Dataset excerpts:
▼

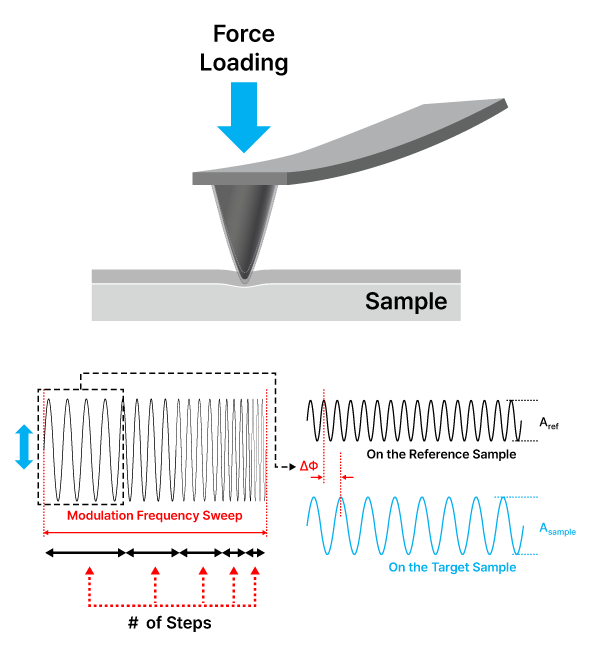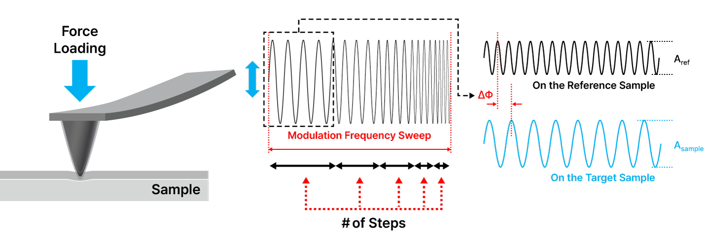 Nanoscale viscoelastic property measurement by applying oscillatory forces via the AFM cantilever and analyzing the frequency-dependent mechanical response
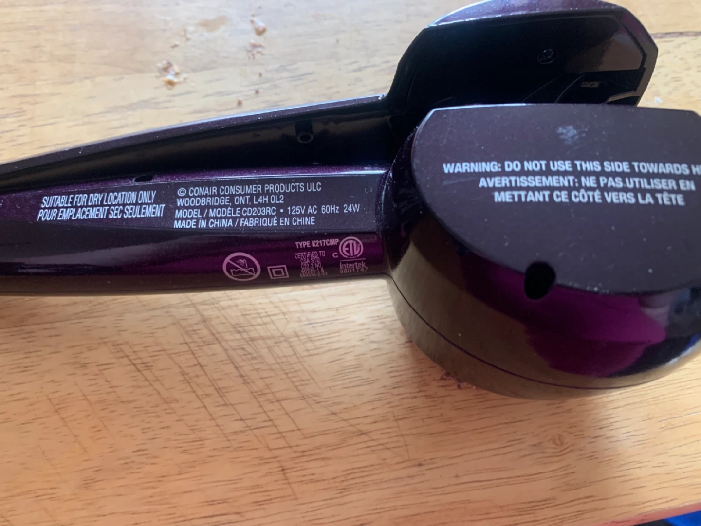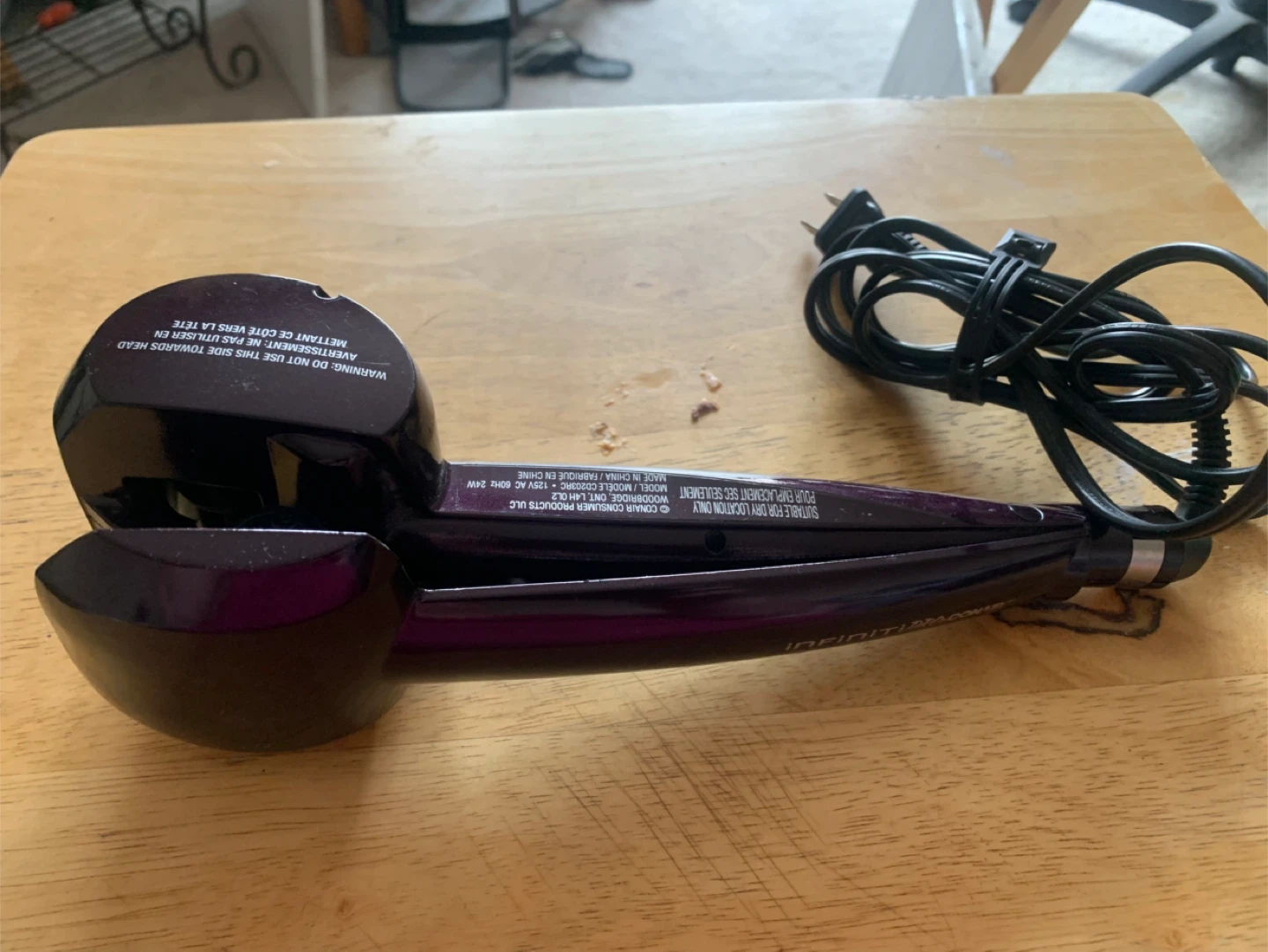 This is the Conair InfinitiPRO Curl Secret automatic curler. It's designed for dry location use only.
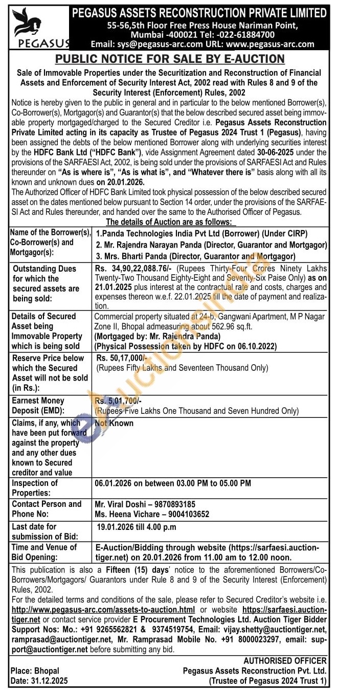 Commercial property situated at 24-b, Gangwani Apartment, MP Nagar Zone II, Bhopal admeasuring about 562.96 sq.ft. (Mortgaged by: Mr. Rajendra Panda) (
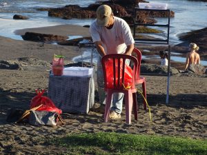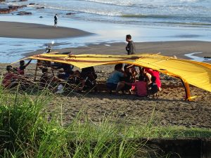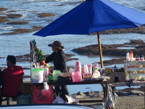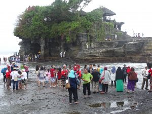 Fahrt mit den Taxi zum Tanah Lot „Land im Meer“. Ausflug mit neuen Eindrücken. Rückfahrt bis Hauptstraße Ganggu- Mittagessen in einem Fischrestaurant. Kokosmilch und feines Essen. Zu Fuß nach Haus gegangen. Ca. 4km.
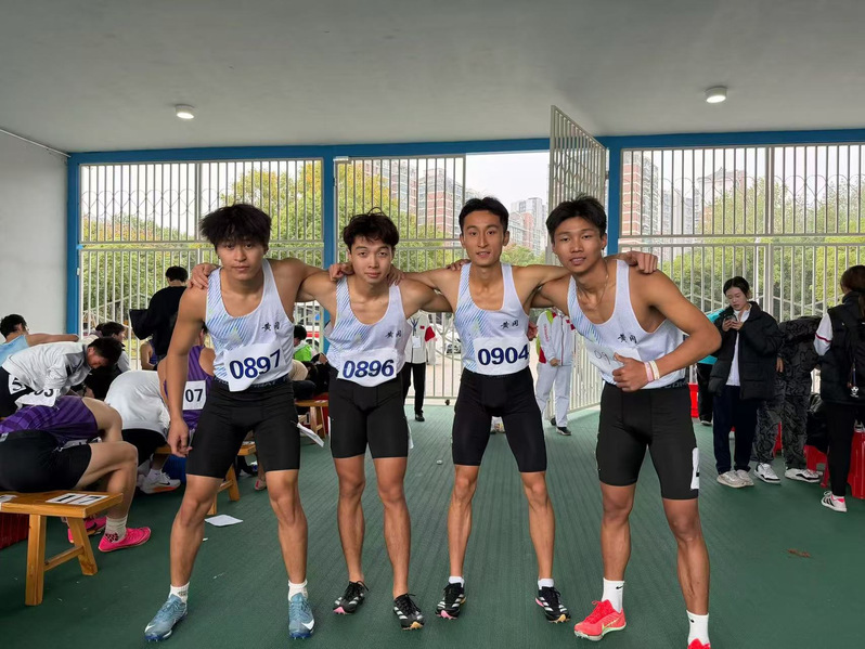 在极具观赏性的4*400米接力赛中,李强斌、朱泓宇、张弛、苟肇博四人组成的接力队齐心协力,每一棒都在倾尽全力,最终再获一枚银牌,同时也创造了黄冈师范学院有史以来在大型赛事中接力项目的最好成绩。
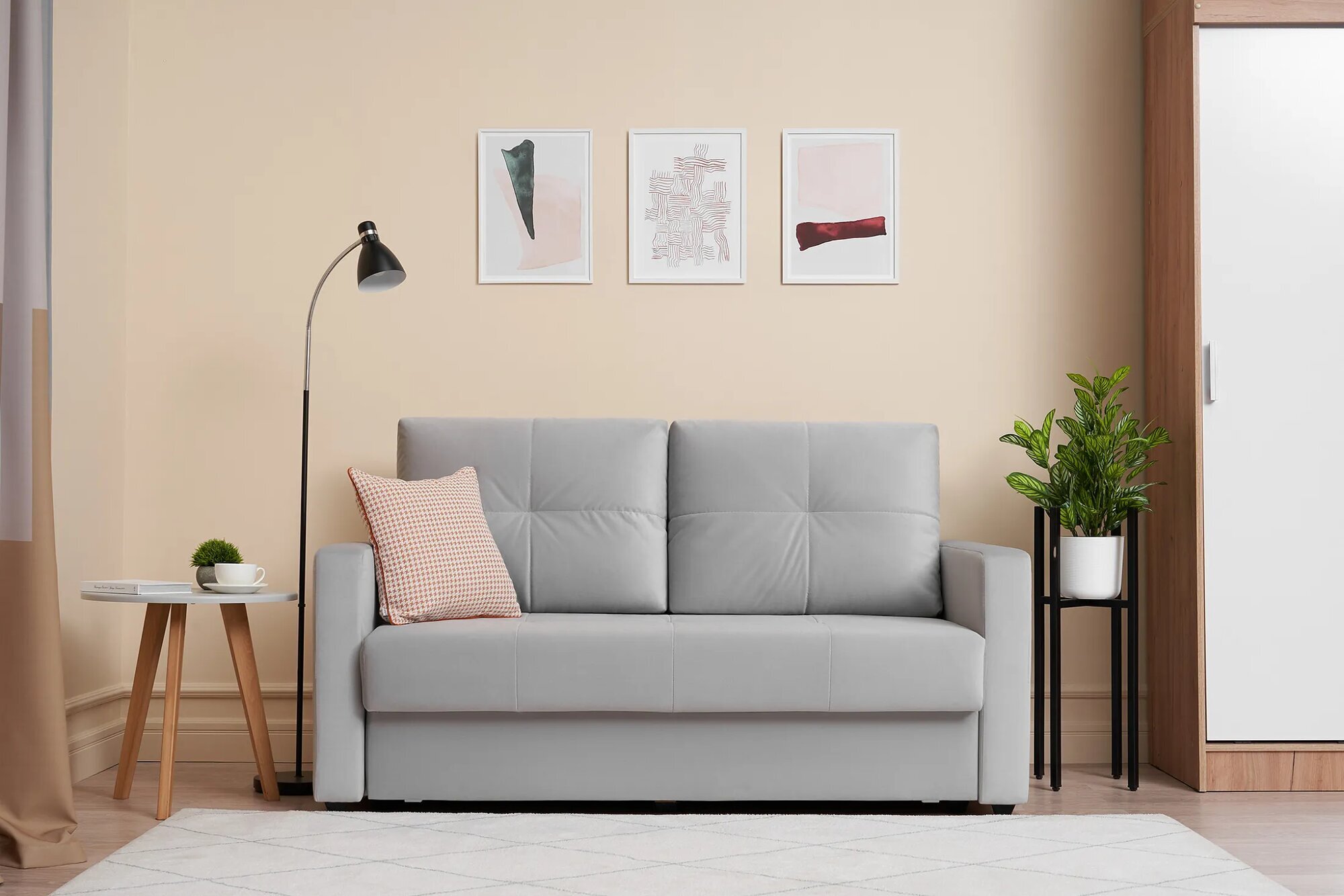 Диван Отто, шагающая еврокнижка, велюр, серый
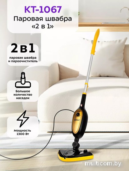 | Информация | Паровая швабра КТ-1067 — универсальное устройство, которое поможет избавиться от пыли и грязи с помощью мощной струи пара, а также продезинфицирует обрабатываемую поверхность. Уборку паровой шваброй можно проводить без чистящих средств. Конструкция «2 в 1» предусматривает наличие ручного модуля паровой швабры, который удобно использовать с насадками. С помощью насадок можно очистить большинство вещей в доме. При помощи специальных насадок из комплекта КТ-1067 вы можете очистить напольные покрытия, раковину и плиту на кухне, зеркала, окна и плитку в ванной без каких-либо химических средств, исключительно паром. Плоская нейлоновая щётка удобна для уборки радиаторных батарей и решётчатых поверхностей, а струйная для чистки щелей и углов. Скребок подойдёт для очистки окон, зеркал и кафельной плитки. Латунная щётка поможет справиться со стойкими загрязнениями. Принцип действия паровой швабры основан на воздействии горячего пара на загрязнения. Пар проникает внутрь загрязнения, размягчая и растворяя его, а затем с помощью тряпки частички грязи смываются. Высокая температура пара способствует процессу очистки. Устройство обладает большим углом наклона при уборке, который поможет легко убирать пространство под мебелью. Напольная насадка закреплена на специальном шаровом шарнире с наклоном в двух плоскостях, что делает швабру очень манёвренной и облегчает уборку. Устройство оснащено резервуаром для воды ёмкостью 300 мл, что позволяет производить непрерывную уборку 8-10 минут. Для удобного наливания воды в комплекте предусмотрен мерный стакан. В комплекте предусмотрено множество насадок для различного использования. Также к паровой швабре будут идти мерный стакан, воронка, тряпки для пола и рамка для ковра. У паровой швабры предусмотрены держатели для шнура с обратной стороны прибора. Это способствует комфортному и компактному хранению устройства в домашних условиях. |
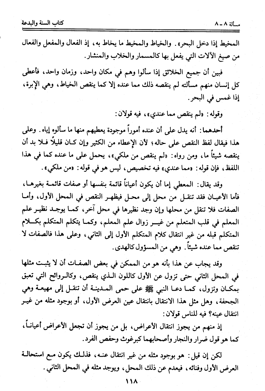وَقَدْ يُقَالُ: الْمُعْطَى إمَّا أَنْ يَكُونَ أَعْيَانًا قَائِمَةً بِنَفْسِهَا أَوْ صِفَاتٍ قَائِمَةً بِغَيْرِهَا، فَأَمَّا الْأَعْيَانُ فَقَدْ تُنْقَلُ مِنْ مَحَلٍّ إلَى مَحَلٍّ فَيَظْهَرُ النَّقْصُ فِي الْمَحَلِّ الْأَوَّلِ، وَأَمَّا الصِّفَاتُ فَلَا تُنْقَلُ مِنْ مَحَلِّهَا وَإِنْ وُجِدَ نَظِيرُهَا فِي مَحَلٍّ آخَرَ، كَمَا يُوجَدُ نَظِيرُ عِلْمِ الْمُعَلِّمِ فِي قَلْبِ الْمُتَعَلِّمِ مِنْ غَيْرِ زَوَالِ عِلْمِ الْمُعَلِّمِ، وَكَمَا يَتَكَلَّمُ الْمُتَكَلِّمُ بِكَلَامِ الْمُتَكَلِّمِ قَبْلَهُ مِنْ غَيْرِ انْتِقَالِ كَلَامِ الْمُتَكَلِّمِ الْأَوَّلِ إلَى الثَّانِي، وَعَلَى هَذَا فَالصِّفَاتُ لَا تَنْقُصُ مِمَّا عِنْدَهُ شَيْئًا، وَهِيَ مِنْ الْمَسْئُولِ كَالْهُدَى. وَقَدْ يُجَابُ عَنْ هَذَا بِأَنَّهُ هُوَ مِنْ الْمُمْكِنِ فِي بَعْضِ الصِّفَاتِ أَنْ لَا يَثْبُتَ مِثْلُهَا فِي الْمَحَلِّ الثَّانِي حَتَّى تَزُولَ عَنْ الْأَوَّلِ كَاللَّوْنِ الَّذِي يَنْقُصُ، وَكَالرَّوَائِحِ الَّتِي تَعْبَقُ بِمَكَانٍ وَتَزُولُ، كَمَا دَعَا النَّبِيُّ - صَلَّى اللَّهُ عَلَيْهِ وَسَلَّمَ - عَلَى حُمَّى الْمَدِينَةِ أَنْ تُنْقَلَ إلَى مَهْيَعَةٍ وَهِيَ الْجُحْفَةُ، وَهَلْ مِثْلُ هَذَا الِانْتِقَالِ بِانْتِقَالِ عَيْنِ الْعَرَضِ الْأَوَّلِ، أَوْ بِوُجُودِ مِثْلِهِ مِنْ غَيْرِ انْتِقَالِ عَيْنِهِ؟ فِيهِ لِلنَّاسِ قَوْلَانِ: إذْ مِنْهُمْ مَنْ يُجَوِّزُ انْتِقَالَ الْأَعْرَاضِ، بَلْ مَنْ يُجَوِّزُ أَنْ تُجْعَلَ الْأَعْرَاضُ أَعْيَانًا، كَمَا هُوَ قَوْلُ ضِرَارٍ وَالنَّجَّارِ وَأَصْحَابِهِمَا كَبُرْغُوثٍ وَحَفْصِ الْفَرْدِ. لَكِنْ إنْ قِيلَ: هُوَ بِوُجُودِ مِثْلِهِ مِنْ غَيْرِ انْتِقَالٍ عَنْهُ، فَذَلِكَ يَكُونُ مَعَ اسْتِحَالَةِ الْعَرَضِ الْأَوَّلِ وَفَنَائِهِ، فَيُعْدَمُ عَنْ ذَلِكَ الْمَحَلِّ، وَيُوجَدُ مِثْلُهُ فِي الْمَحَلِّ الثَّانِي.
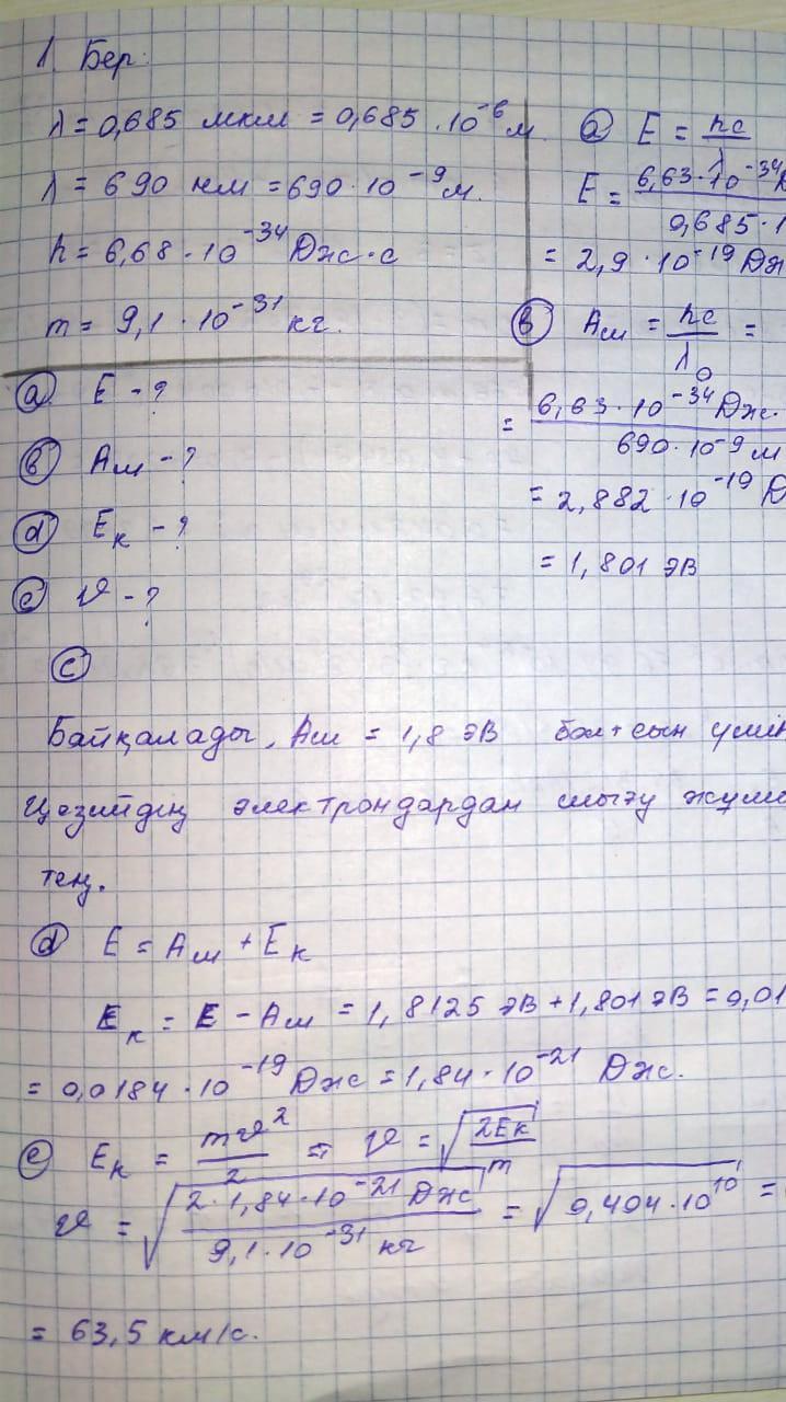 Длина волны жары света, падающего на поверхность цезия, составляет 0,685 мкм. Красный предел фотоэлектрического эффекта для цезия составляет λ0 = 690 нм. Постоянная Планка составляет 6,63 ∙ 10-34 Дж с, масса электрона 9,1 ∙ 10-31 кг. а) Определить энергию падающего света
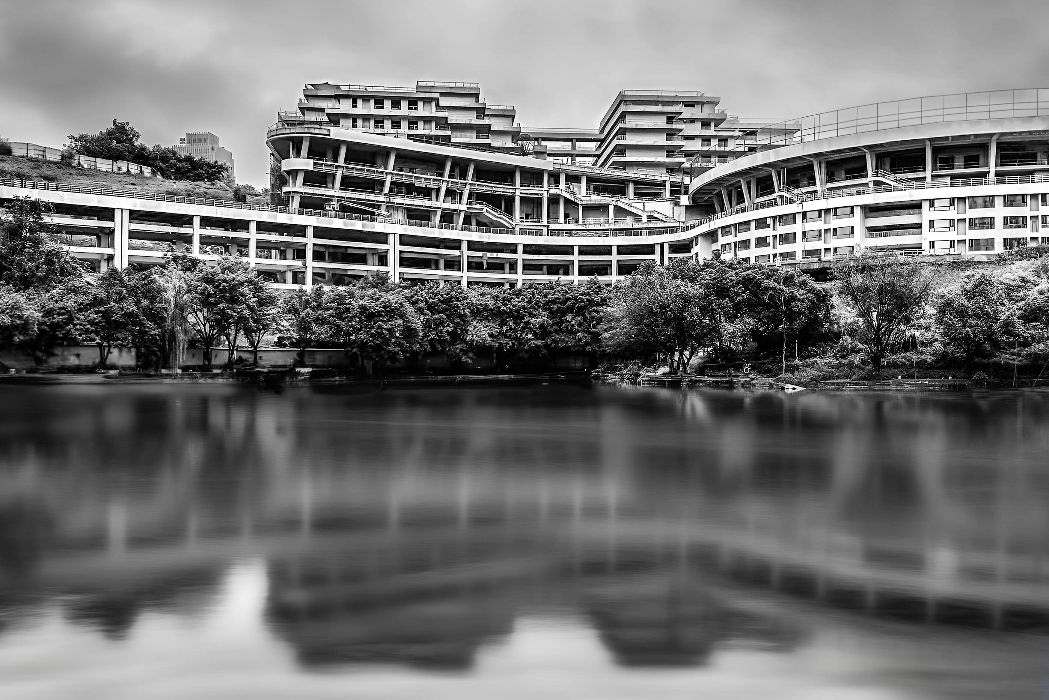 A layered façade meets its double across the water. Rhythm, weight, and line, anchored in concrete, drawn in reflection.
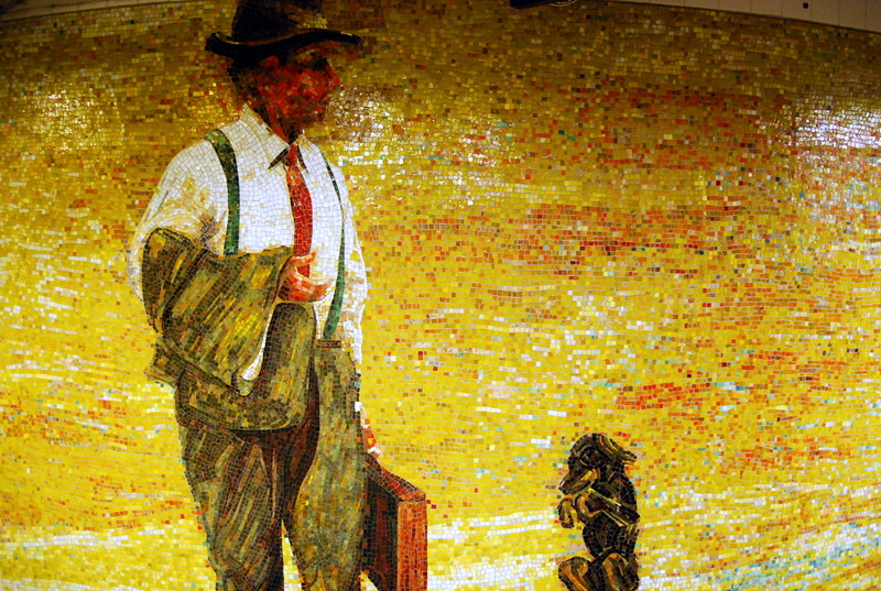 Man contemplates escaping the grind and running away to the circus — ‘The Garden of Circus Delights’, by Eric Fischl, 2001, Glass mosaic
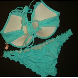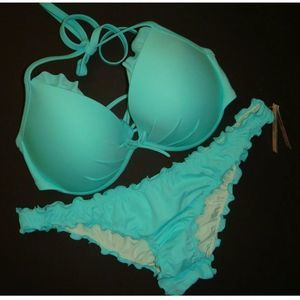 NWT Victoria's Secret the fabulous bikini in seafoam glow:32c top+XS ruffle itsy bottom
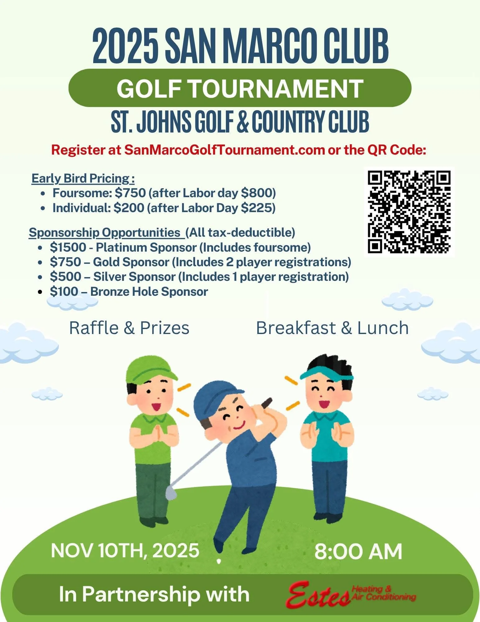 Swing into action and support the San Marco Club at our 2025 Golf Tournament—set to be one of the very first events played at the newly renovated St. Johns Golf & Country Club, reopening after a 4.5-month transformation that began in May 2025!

▲

# Required action
From the first line of the records down through the line containing "This is the", transcribe exactly those lines and no others, both ends kept, pictures dropped.

# Exercise output
 Nanoscale viscoelastic property measurement by applying oscillatory forces via the AFM cantilever and analyzing the frequency-dependent mechanical response
 This is the Conair InfinitiPRO Curl Secret automatic curler. It's designed for dry location use only.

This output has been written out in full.